Third-Degree Racism

I was listening to Glenn Loury and John McWhorter yesterday on whether Donald Trump is racist. During the podcast, Glenn threw out the notion that something Trump said was third-degree racism, but not the full blown variety.

That got me thinking about why it is the case that when conservative Presbyterians talk about race, racism is an all or nothing proposition. Think back to Leon Brown’s post (discussed here) about racism in NAPARC communions after the shooting of Michael Brown:

This is why we need a movement of the Holy Spirit. Amid the horrific realities of Mike Browns all over the United States, and even the incidents that occur which are not broadcast (e.g., unjust acts taken against poor whites), we must demonstrate that the church is different. We are unlike the world, which can segregate, almost immediately, based on the color of one’s skin and other factors. Have you noticed that is what has occurred in the death of Mike Brown? Why do you think the pictures and quotations from Dr. Martin Luther King, Jr. have newly surfaced on the internet, largely from ethnic minorities? Why do you believe pictures from the 1950’s and 1960’s have been newly awakened? For many, history continues to repeat itself, and that angers African-Americans and other minorities. Perhaps we, specifically Christians, are also angry at the lack of representation in the ‘Christian’ blogosphere from others in the majority culture. Robin Williams is okay, but apparently Mike Brown is not.

Without dodging or answering the question of whether blacks and whites should necessarily worship together (since historically black communions are such a part of the African-American experience), is it possible to distinguish what transpires among the Ferguson, Missouri police force from what happens on a Sunday morning in your average PCA congregation in the middle of Tennessee? Is one perhaps first-degree racism and the other third-degree? If we can make distinctions when it comes to the loss of human life, can’t we distinguish among the levels of prejudice that humans manifest?

So here’s the proposal:

Banning students from attending a Reformed seminary on the basis of race is first-degree racism.

A search committee at a white congregation placing an application from an African-American licentiate is second-degree racism.

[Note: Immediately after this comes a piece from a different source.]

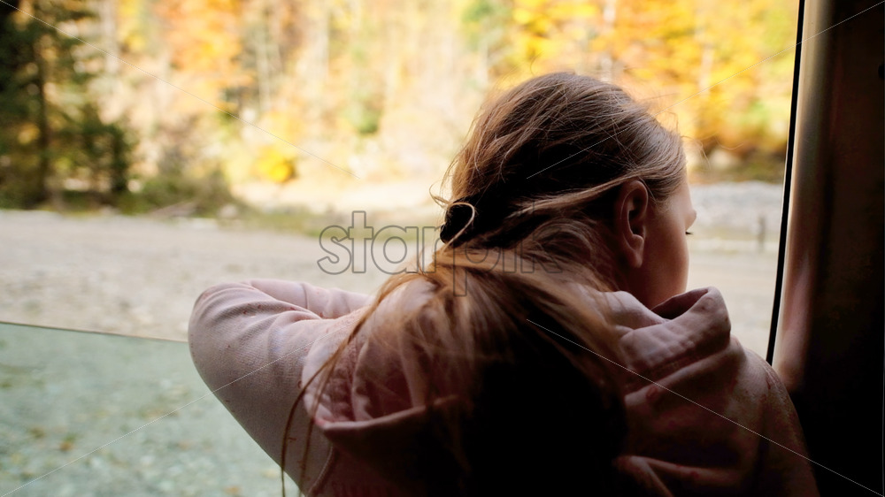 Woman leaned out of the window of the steam train Mocanita moving through a forest, Romania

Church members choosing on their own to worship in congregations where the majority of members are the same race is third-degree racism.

Do any of the overtures before the PCA reflect such differences? I’m merely asking.

19 thoughts on “Third-Degree Racism

  1. “Banning students from attending a Reformed seminary on the basis of race is first-degree racism.

    A search committee at a white congregation placing an application from an African-American licentiate is second-degree racism.

    Church members choosing on their own to worship in congregations where the majority of members are the same race is third-degree racism.”

    Racism. What happen to loving your God and your neighbor…???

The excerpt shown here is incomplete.